(Input for this task begins)

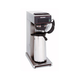 BUNN CWTF35 Automatic Airpot Coffee Brewer with Hot Water FaucetThis BUNN coffee brewer has a hot water faucet for those who prefer tea. It's designed to keep coffee hot for hours.Brews 3.8 to 7.5 gallons of coffee per hour Brews into 1.9 to 3 liter airpots Keeps coffee hot and fresh for hours Digital timer Hot water faucet International electrical configurations available 120/208-240V, 15 amps, 3500 watts, 60 Hz Cord attached Height: 23-5/8" Width: 9" Depth: 18-1/2" Shipping Weight: 33 lbs Airpots sold separately Model: CWTF35-APS Product No.: 23001.0008 370547
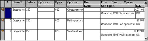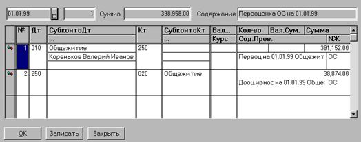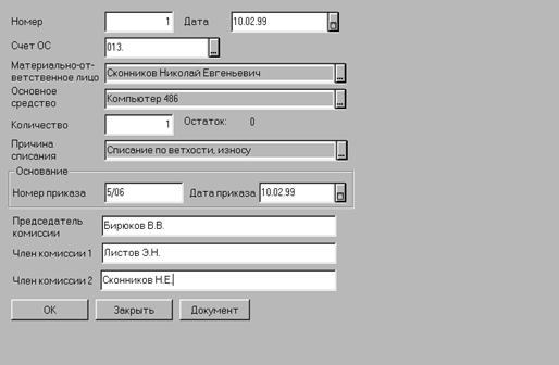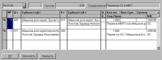 Счет МБП. Из плана счетов выбирается счет, на котором будут учитываться МБП. МБП. Из списка субконто «МБП» выбирается конкретный МБП (если он заранее внесен в этот список) или его надо добавить в этот список и затем выбрать. После заполнения последней графы таблицы на экран вновь будет выдан список основных средств для очередного выбора. Таким образом заполняются строки табличной части документа. После заполнения всех реквизитов документ можно записать в журнал операций. При проведении документа будут сформированы проводки по списанию основных средств, отобранных в спецификацию: Дт250, Кр счета ОС - списывается остаточная стоимость ОС; Дт020, Кр счета ОС - списывается начисленный износ и по оприходованию МБП: Дт счета МБП, Кр260.
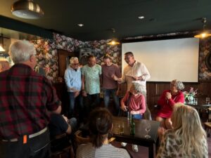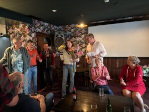 Aangezien er elke drie jaar een nieuw bestuur aantreedt, was het nu tijd voor afscheid van het vorige bestuur. Zij werden bedankt voor hun inzet van de afgelopen jaren. Ruud Schilder, Gilian Gillissen en Gert Jan Moens ontvingen ook een mooie bos, een fles wijn en uiteraard applaus. Zij hebben het Dorpshuis en de hele beleving nieuw leven ingeblazen. Met veel succes zijn er activiteiten bijgekomen, is het Dorpshuis compleet gerenoveerd (met name op gebied van duurzaamheid) en zijn er nog meer vrijwilligers bijgekomen. Het huidige bestuur bestaat uit Jan-Willem Sepers (secretaris), Henk de Geus (penningmeester) en Alwin Rootlieb (voorzitter).
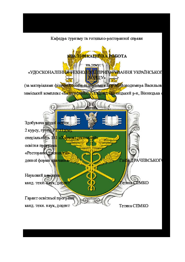 | Title: | Удосконалення технології приготування українського борщу (за матеріалами фізичної особи-підприємця Бортко Володимира Васильовича, заміський комплекс «Баттерфляй», с. Садове, Вінницький р-н, Вінницька обл.) |
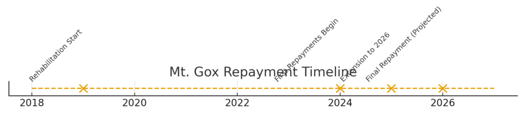 On 27 October 2025 the rehabilitation trustee of Mt. Gox announced that, with court approval, the deadline for all repayments to creditors has been extended from 31 October 2025 to 31 October 2026.
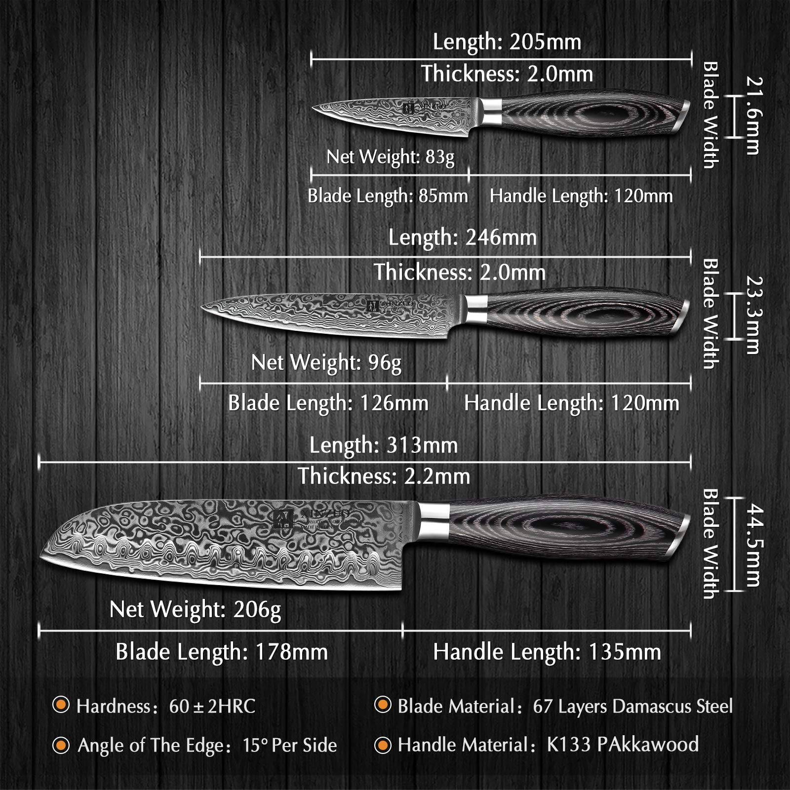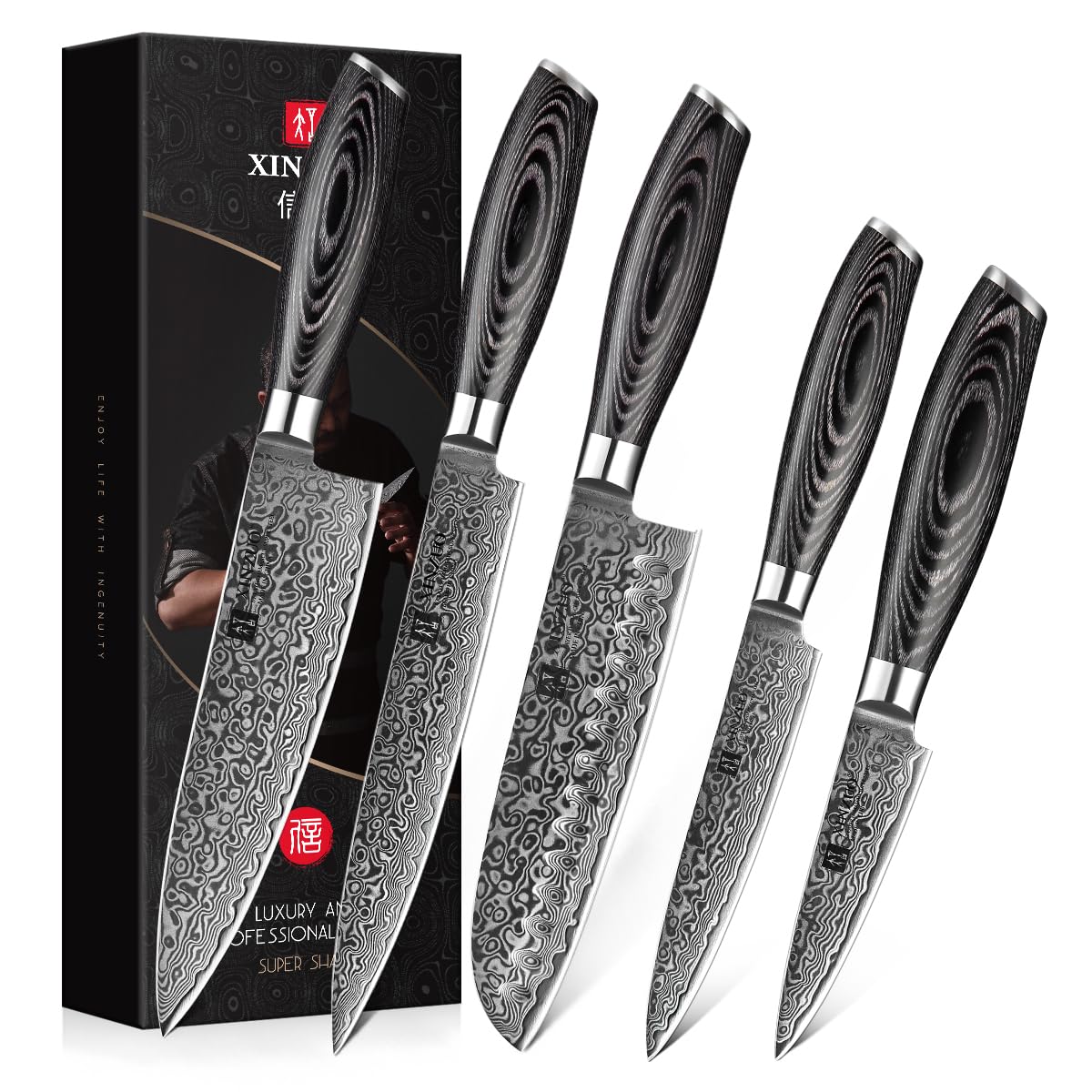 ["High-quality Damascus Steel" Made of high-quality 67-layer 10Cr15CoMoV Damascus steel, vacuum heat treatment, hardness up to 62 HRC. It also has the properties of corrosion resistance, rust protection, and strong toughness. The unique wave pattern of Damascus showcases impressive craftsmanship and artistic personality., "Ergonomically Designed Handle" The ergonomic handle design ensures a comfortable grip and provides the best maneuverability to effortlessly cut through all foods. Made of Pakkawood, which is not easily deformed and cracked, seamlessly fitting into the hand, making cutting easier and safer., "Perfectly Sharp Blade" With excellent materials and strict technology, with 10Cr core, the blade is very sharp and strong. Razor-sharp blades can last for months even in daily use. The cutting angle is 15 degrees, and with its excellent sharpness, you can easily slice meat and vegetables into thin pieces., "The Pursuit of Perfection" Our craftsmen use the strictest work procedures to carefully craft each knife within a 65-day production cycle. Stringent tests ensure that the kitchen knives feel weighted and balanced. The result is a perfect blend of control and durability that won't tire you even after hours of use., "Brand XINZUO" XINZUO kitchen knife is an ideal choice for professional chefs and cooking enthusiasts, beginners. Comes with a beautiful gift box, perfect for gifting during holidays or for daily use. If for any reason you are not satisfied with the product, please contact our customer service and we will solve your problem as soon as possible."]

(Input for this task ends)

What the response needs is every entry, repeated exactly, and none of the pictures.

Result ::
 BUNN CWTF35 Automatic Airpot Coffee Brewer with Hot Water FaucetThis BUNN coffee brewer has a hot water faucet for those who prefer tea. It's designed to keep coffee hot for hours.Brews 3.8 to 7.5 gallons of coffee per hour Brews into 1.9 to 3 liter airpots Keeps coffee hot and fresh for hours Digital timer Hot water faucet International electrical configurations available 120/208-240V, 15 amps, 3500 watts, 60 Hz Cord attached Height: 23-5/8" Width: 9" Depth: 18-1/2" Shipping Weight: 33 lbs Airpots sold separately Model: CWTF35-APS Product No.: 23001.0008 370547
 Счет МБП. Из плана счетов выбирается счет, на котором будут учитываться МБП. МБП. Из списка субконто «МБП» выбирается конкретный МБП (если он заранее внесен в этот список) или его надо добавить в этот список и затем выбрать. После заполнения последней графы таблицы на экран вновь будет выдан список основных средств для очередного выбора. Таким образом заполняются строки табличной части документа. После заполнения всех реквизитов документ можно записать в журнал операций. При проведении документа будут сформированы проводки по списанию основных средств, отобранных в спецификацию: Дт250, Кр счета ОС - списывается остаточная стоимость ОС; Дт020, Кр счета ОС - списывается начисленный износ и по оприходованию МБП: Дт счета МБП, Кр260.
 Aangezien er elke drie jaar een nieuw bestuur aantreedt, was het nu tijd voor afscheid van het vorige bestuur. Zij werden bedankt voor hun inzet van de afgelopen jaren. Ruud Schilder, Gilian Gillissen en Gert Jan Moens ontvingen ook een mooie bos, een fles wijn en uiteraard applaus. Zij hebben het Dorpshuis en de hele beleving nieuw leven ingeblazen. Met veel succes zijn er activiteiten bijgekomen, is het Dorpshuis compleet gerenoveerd (met name op gebied van duurzaamheid) en zijn er nog meer vrijwilligers bijgekomen. Het huidige bestuur bestaat uit Jan-Willem Sepers (secretaris), Henk de Geus (penningmeester) en Alwin Rootlieb (voorzitter).
 | Title: | Удосконалення технології приготування українського борщу (за матеріалами фізичної особи-підприємця Бортко Володимира Васильовича, заміський комплекс «Баттерфляй», с. Садове, Вінницький р-н, Вінницька обл.) |
 On 27 October 2025 the rehabilitation trustee of Mt. Gox announced that, with court approval, the deadline for all repayments to creditors has been extended from 31 October 2025 to 31 October 2026.
 ["High-quality Damascus Steel" Made of high-quality 67-layer 10Cr15CoMoV Damascus steel, vacuum heat treatment, hardness up to 62 HRC. It also has the properties of corrosion resistance, rust protection, and strong toughness. The unique wave pattern of Damascus showcases impressive craftsmanship and artistic personality., "Ergonomically Designed Handle" The ergonomic handle design ensures a comfortable grip and provides the best maneuverability to effortlessly cut through all foods. Made of Pakkawood, which is not easily deformed and cracked, seamlessly fitting into the hand, making cutting easier and safer., "Perfectly Sharp Blade" With excellent materials and strict technology, with 10Cr core, the blade is very sharp and strong. Razor-sharp blades can last for months even in daily use. The cutting angle is 15 degrees, and with its excellent sharpness, you can easily slice meat and vegetables into thin pieces., "The Pursuit of Perfection" Our craftsmen use the strictest work procedures to carefully craft each knife within a 65-day production cycle. Stringent tests ensure that the kitchen knives feel weighted and balanced. The result is a perfect blend of control and durability that won't tire you even after hours of use., "Brand XINZUO" XINZUO kitchen knife is an ideal choice for professional chefs and cooking enthusiasts, beginners. Comes with a beautiful gift box, perfect for gifting during holidays or for daily use. If for any reason you are not satisfied with the product, please contact our customer service and we will solve your problem as soon as possible."]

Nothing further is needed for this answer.